* **Data segment**
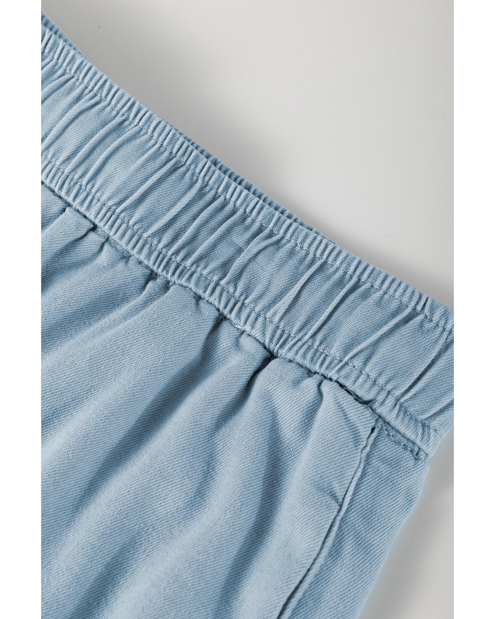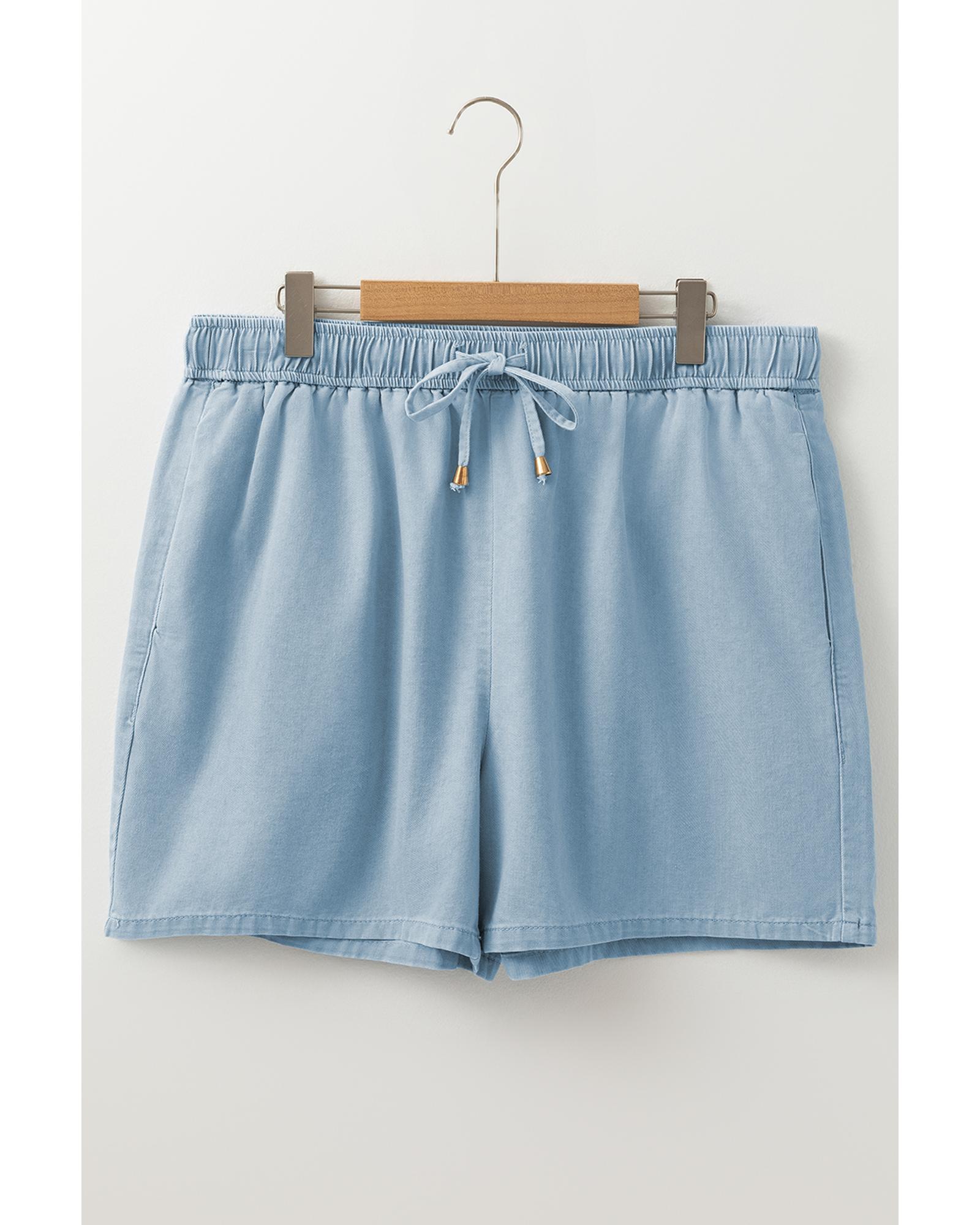 Beau Blue Washed Chambray Drawstring Elastic Waist Plus Size Shorts – 4X
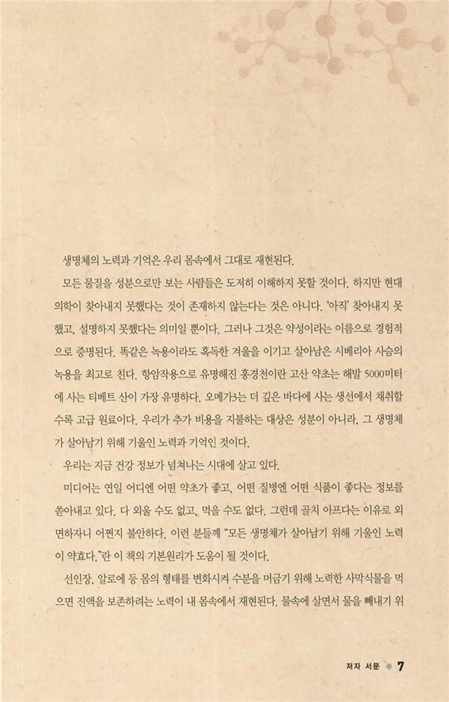 이 책은 [동의보감]을 발췌했거나, 요약 정리한 책이 아니다. 서브 타이틀에서 밝힌 것처럼 ' 동의보감과 천기누설에 없는 위대한 생태음식 이야기 ' 에 관한 책이다.
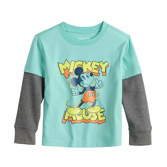 Your little skater boy will look just adorable in this toddler boys’ Mickey Mouse faux layered sleeve skater tee from Jumping Beans. ©Disney
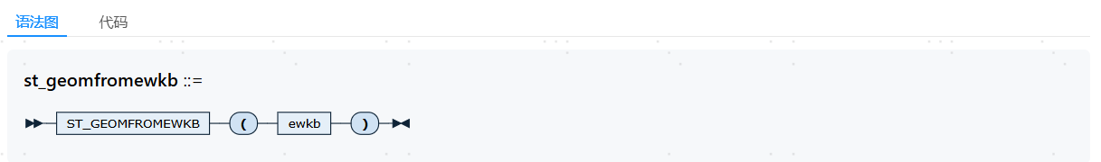 ST_GEOMFROMEWKB函数根据给定的ewkb(Extended Well-Known Binary)返回一个ST_GEOMETRY类型的数据。

* **What you need to do**
Leave the pictures out and reproduce exactly the lines from the line with "Your little skater" to the end of the material above.

* **Solved problem**
 Your little skater boy will look just adorable in this toddler boys’ Mickey Mouse faux layered sleeve skater tee from Jumping Beans. ©Disney
 ST_GEOMFROMEWKB函数根据给定的ewkb(Extended Well-Known Binary)返回一个ST_GEOMETRY类型的数据。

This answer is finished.